**Stored entries:**

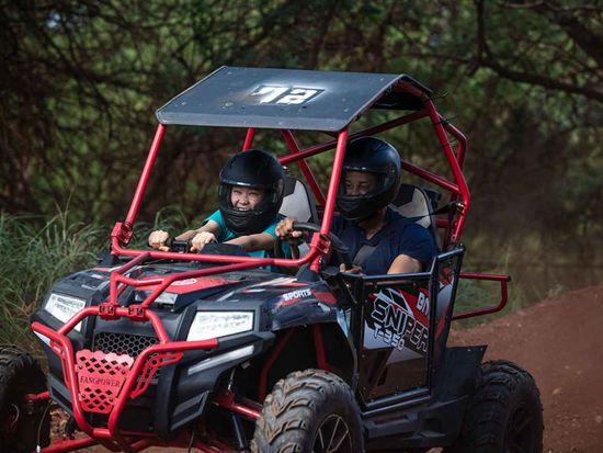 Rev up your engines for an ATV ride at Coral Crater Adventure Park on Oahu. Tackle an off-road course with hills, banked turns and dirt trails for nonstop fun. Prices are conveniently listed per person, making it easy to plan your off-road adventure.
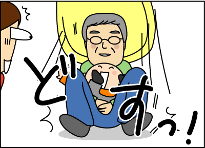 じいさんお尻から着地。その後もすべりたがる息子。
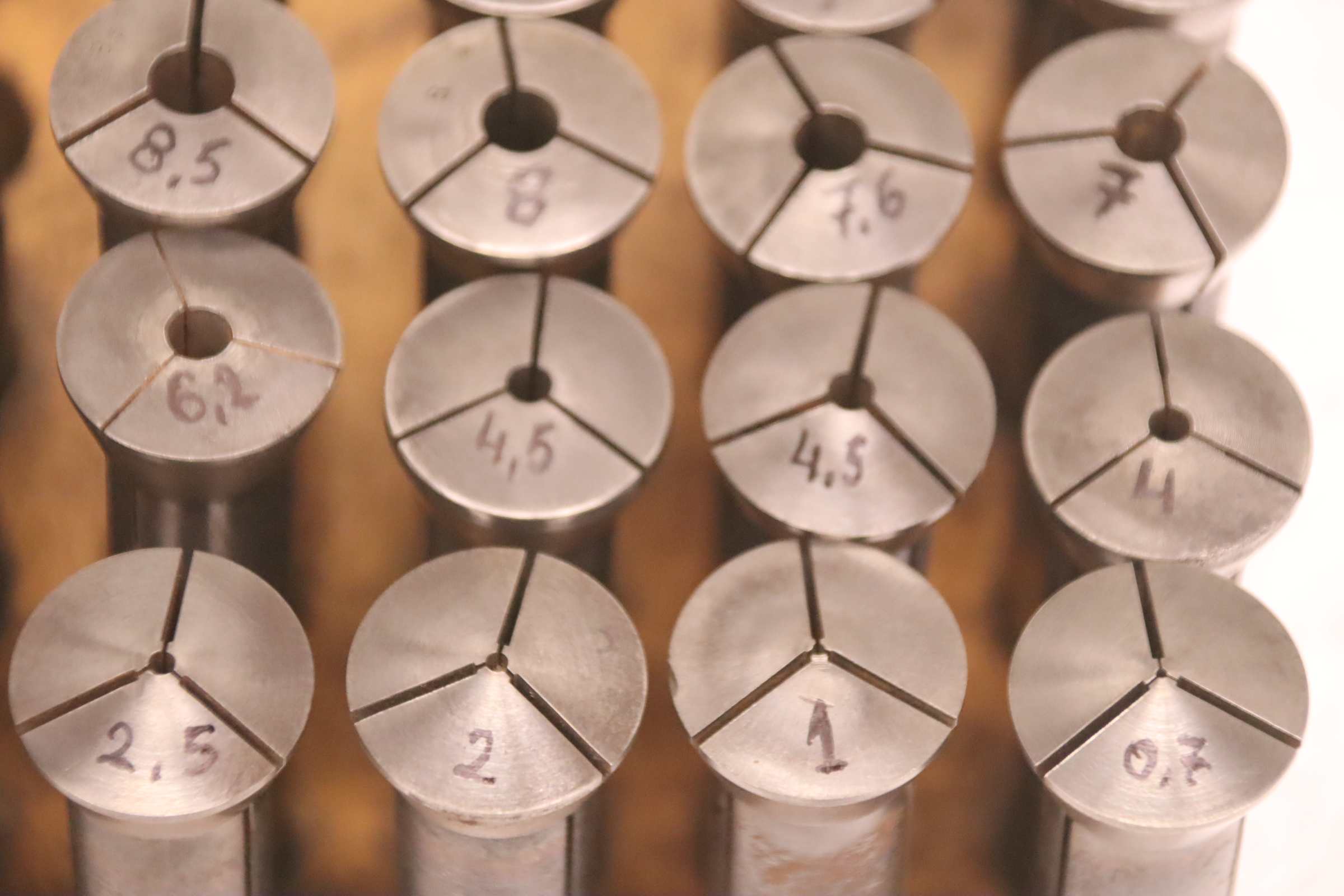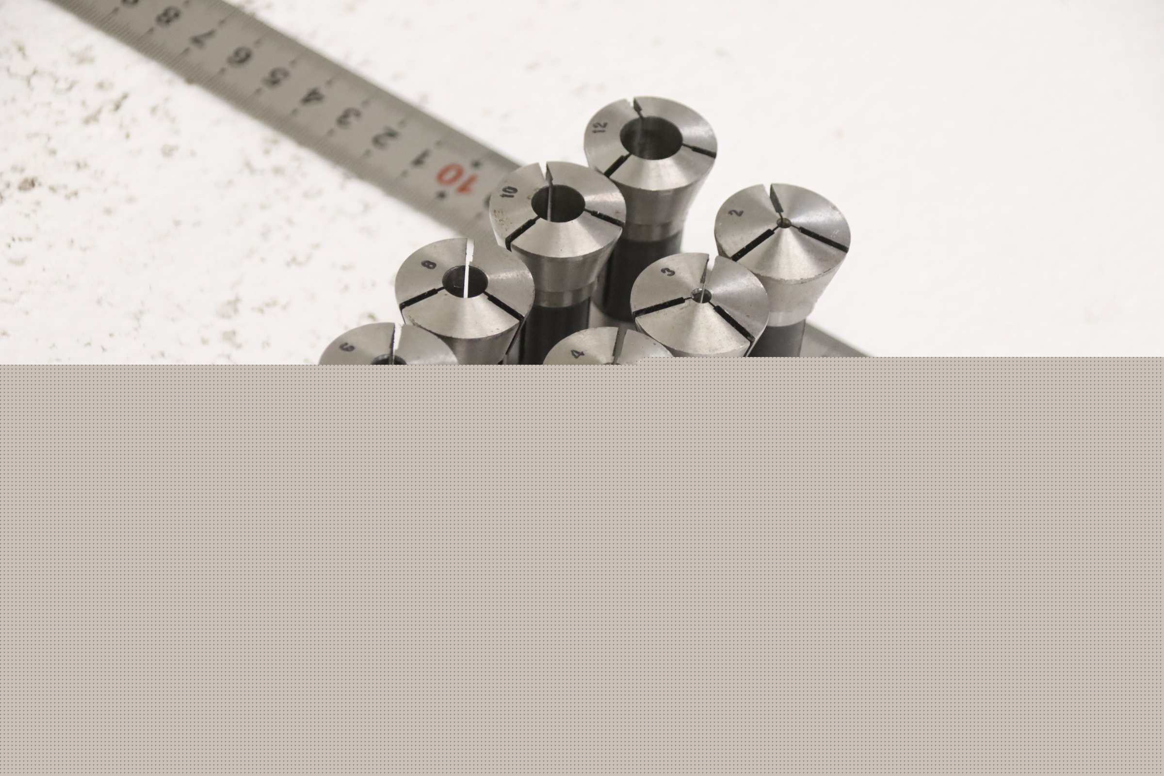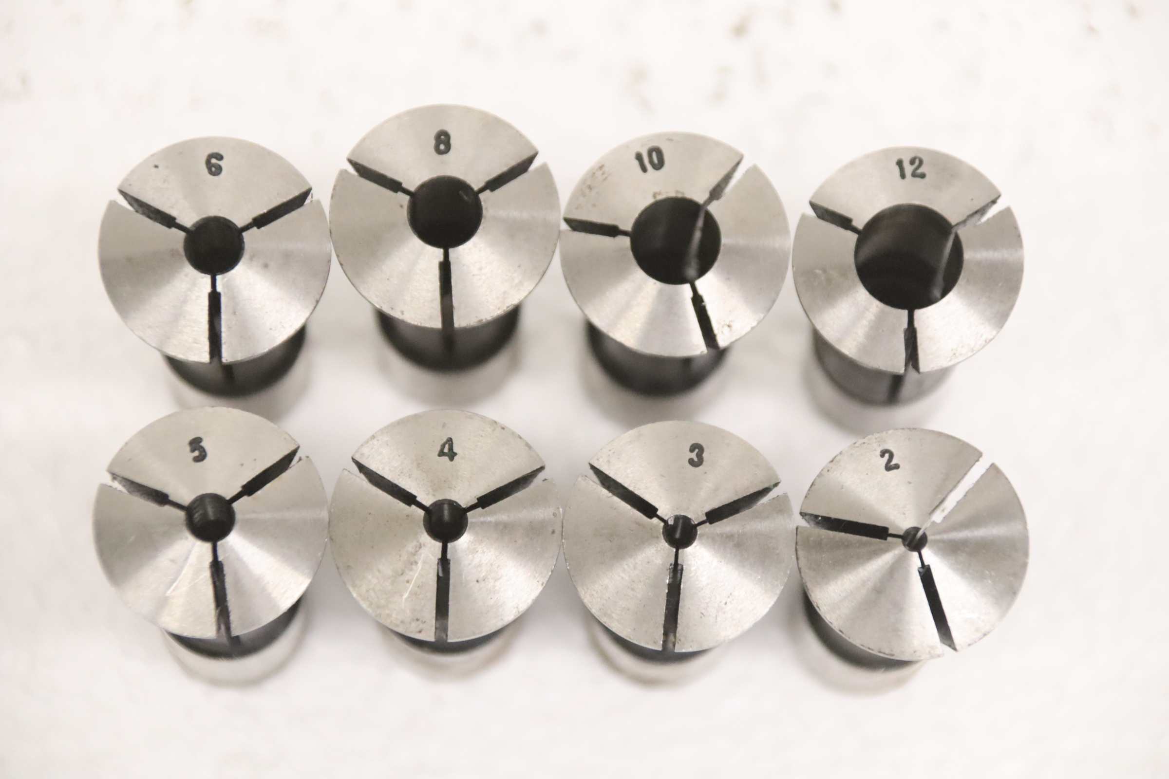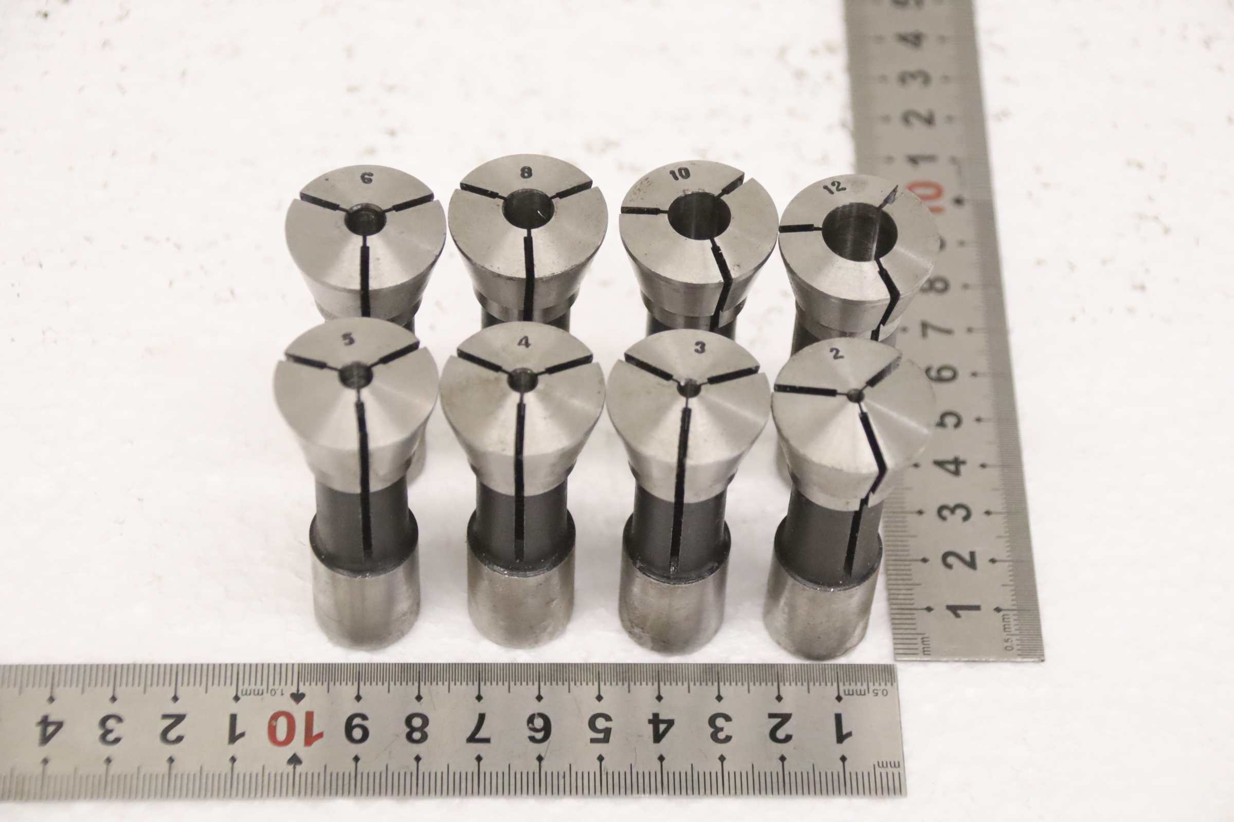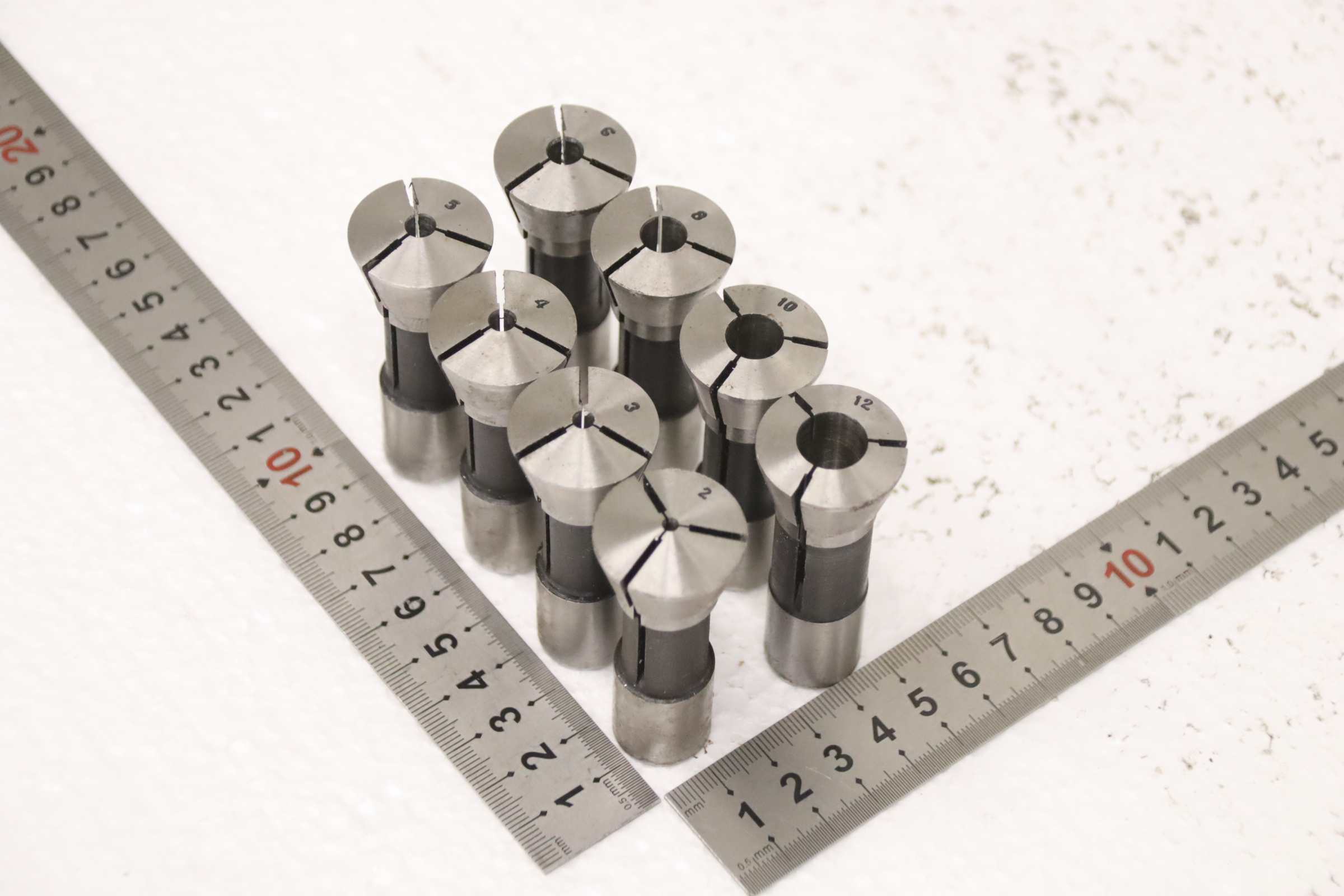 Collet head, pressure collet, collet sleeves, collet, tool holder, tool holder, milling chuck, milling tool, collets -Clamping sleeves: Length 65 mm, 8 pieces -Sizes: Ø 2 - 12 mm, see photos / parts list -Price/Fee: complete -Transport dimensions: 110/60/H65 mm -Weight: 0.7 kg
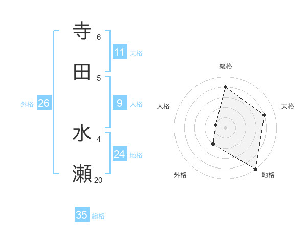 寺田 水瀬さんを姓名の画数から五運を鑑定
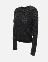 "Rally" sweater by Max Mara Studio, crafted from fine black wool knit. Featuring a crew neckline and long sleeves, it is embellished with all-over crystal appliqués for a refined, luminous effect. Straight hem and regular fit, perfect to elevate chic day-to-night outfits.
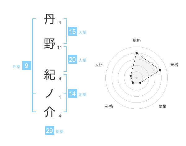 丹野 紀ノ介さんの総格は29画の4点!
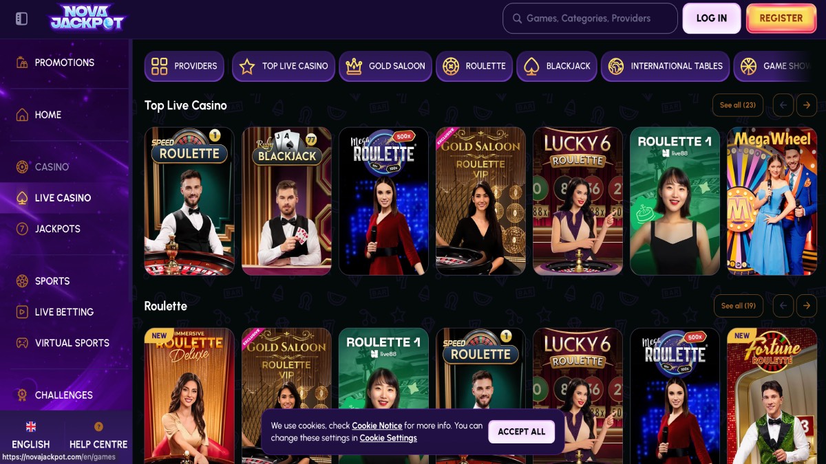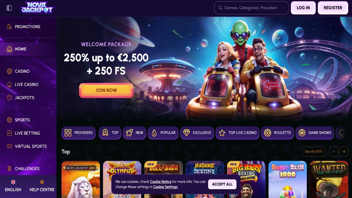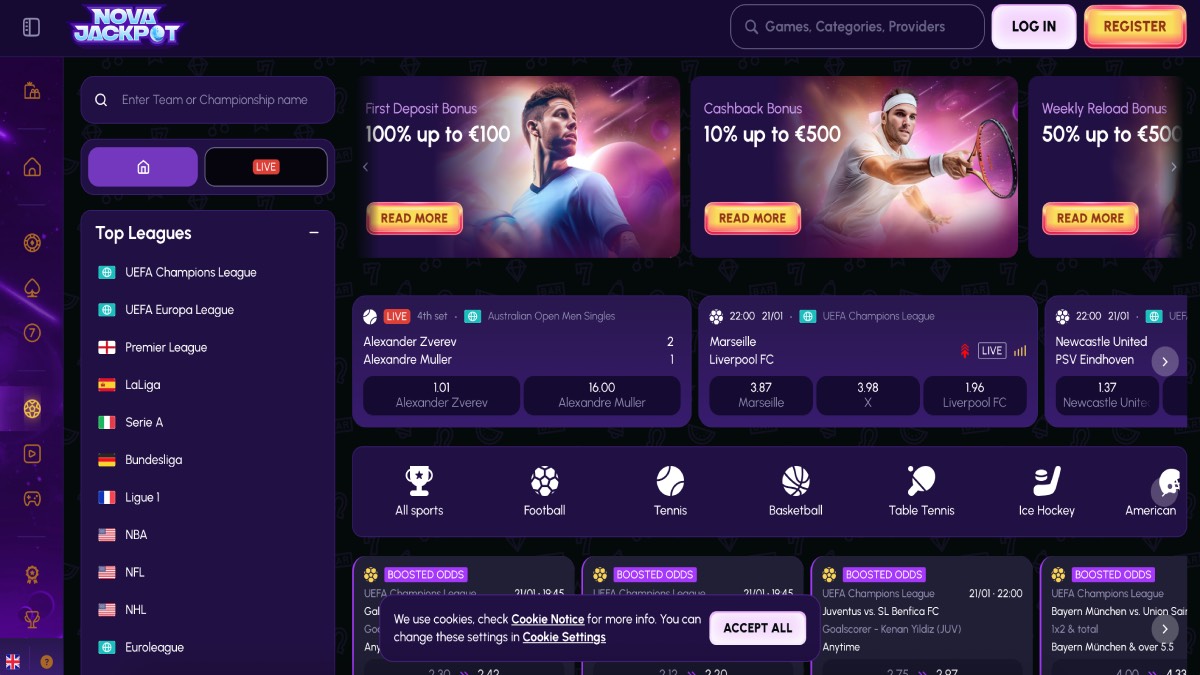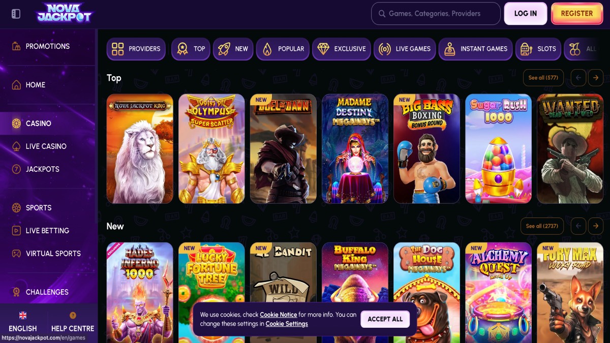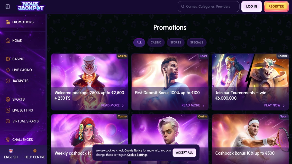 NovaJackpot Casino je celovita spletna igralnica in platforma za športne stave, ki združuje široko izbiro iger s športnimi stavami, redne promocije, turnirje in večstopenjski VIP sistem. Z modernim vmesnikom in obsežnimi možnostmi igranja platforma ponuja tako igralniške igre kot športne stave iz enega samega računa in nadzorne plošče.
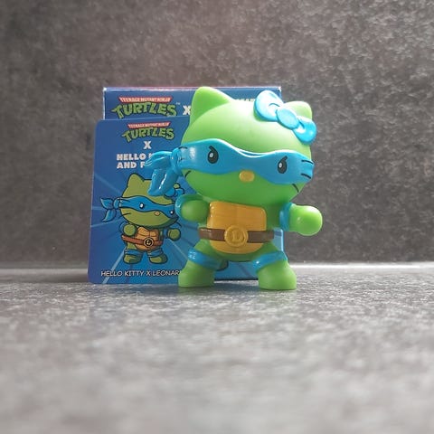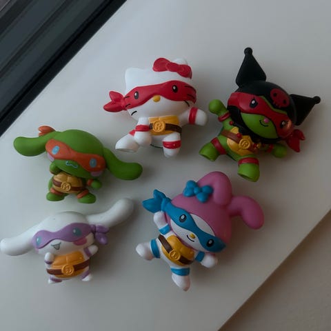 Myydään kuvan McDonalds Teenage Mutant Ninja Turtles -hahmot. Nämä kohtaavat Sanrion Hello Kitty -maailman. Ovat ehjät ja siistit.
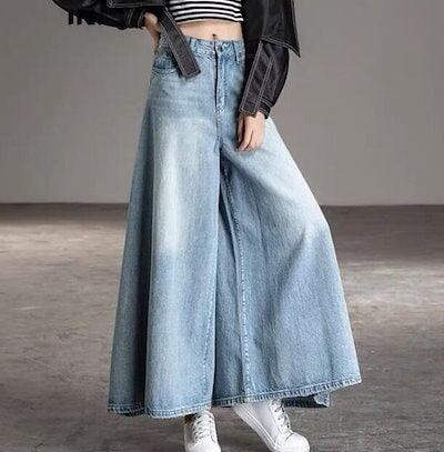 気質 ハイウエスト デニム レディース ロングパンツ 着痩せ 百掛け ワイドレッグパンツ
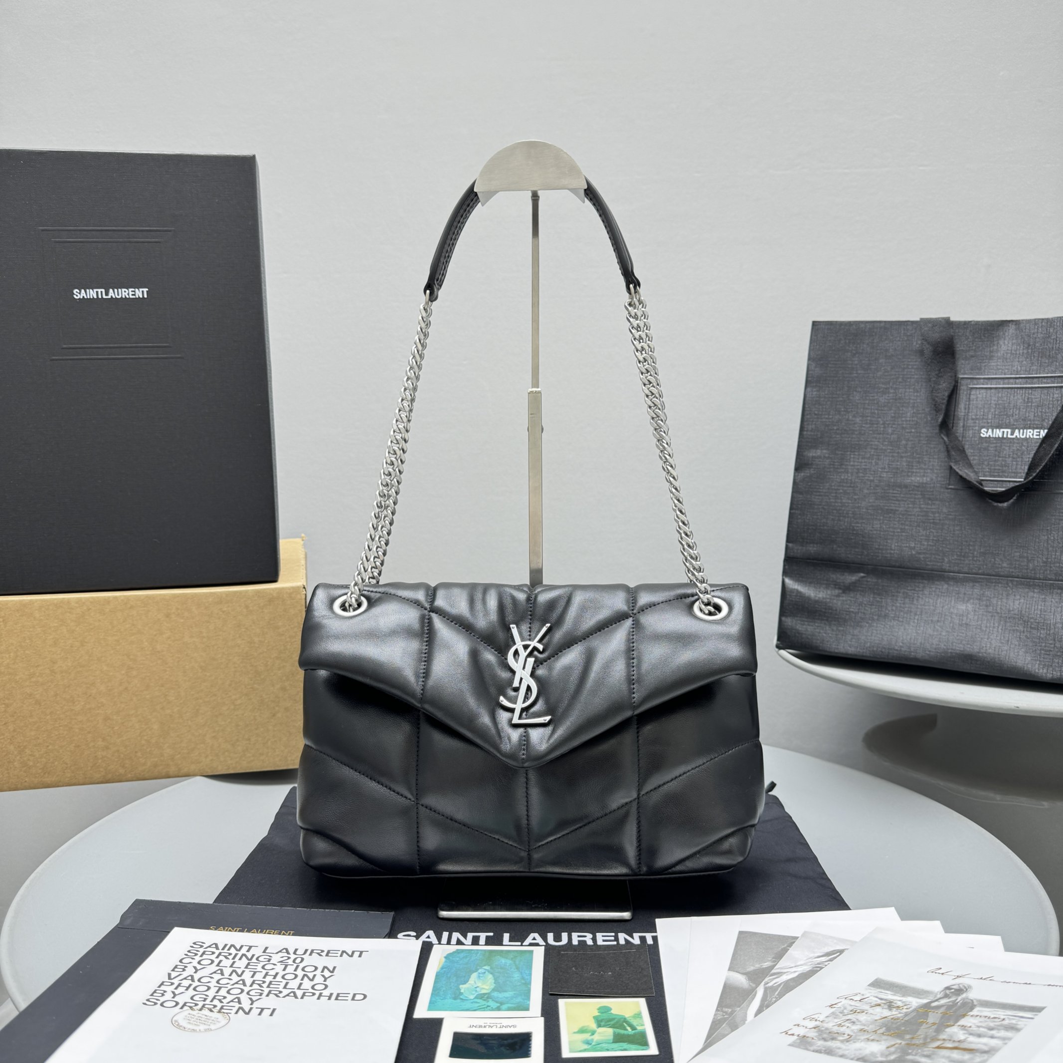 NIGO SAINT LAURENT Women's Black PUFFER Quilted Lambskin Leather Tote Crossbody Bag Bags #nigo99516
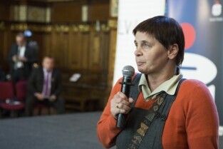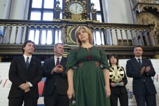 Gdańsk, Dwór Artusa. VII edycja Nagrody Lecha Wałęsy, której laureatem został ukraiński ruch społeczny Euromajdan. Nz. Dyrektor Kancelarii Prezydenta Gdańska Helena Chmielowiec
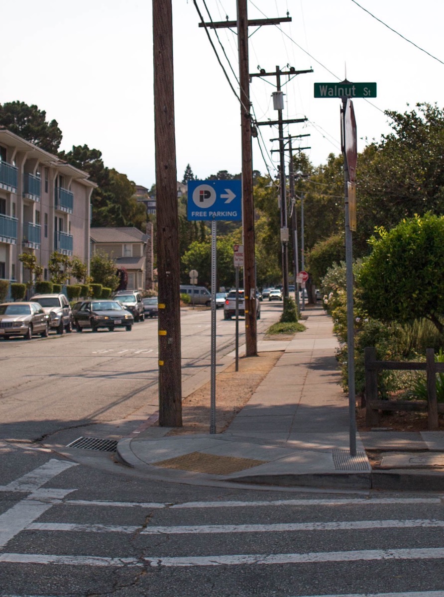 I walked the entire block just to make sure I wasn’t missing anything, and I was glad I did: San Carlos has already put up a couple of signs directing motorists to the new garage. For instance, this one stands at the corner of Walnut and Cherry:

**Work request:**
Extract only the lines from the line containing "Myydään kuvan McDonalds" through the final line of the records; keep both ends and drop every picture.

**Task response:**
 Myydään kuvan McDonalds Teenage Mutant Ninja Turtles -hahmot. Nämä kohtaavat Sanrion Hello Kitty -maailman. Ovat ehjät ja siistit.
 気質 ハイウエスト デニム レディース ロングパンツ 着痩せ 百掛け ワイドレッグパンツ
 NIGO SAINT LAURENT Women's Black PUFFER Quilted Lambskin Leather Tote Crossbody Bag Bags #nigo99516
 Gdańsk, Dwór Artusa. VII edycja Nagrody Lecha Wałęsy, której laureatem został ukraiński ruch społeczny Euromajdan. Nz. Dyrektor Kancelarii Prezydenta Gdańska Helena Chmielowiec
 I walked the entire block just to make sure I wasn’t missing anything, and I was glad I did: San Carlos has already put up a couple of signs directing motorists to the new garage. For instance, this one stands at the corner of Walnut and Cherry:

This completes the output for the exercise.